Сначала «дорогая миссис Ч.» уступала этим просьбам, но, убедившись, что чем больше она дает, тем настойчивее становятся притязания, она вскоре была вынуждена, как, впрочем, и все друзья мисс Фэншо, оказать сопротивление посягательствам. Через некоторое время рассказы о подарках миссис Чамли прекратились, но визиты к ней все-таки продолжались и в случае крайней необходимости появлялись нужные платья и еще множество всякой всячины — перчатки, букеты и даже украшения. Хотя по натуре Джиневра не была скрытной, эти вещи она припрятывала от посторонних глаз, но как-то вечером, собираясь в общество, где требовался особенно модный и элегантный туалет, она не устояла и зашла ко мне, чтобы показаться во всем великолепии.

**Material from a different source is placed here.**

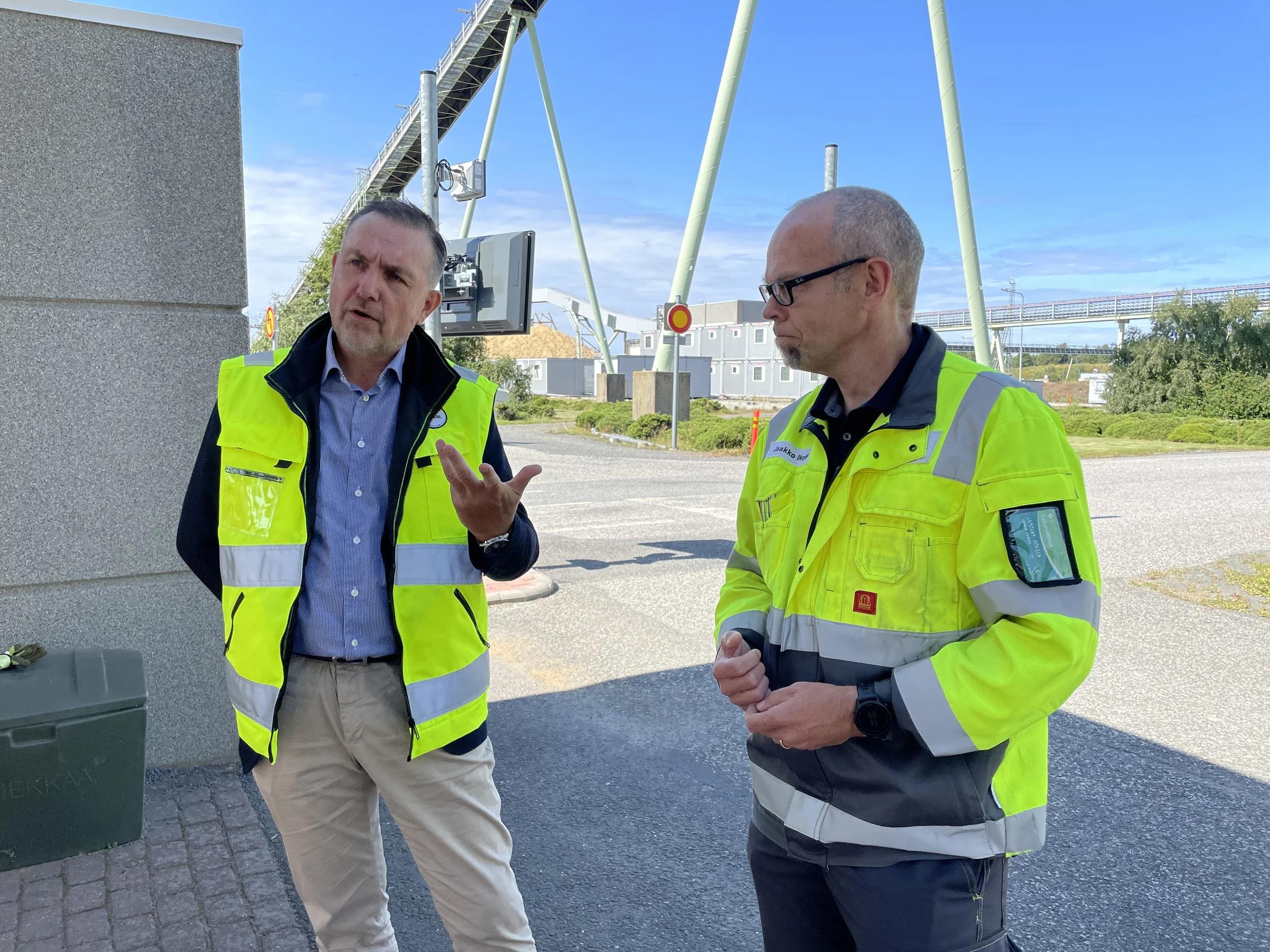 Metsä Fibren sellutehtaan johtaja Jaakko Ikonen (oik.) kertoi syksyllä Rauman Energian toimitusjohtaja Marko Haapalan kanssa medialle uudesta yhteistyöstä. Sellutehtaan ylijäämälämpöä aletaan hyödyntää raumalaisten kotien lämmityksessä. Uutta runkoverkkoa rakennetaan parhaillaan. (Kuva: Janne Rantanen)

Она была чудо как хороша: юная, свежая, с такой нежной кожей и гибкой фигурой, какие бывают только у англичанок и никогда не встречаются у женщин с континента. Платье на ней было новое, дорогое и отлично сшитое. Я с первого взгляда заметила детали, которые стоят дорого и придают туалету идеальную завершенность.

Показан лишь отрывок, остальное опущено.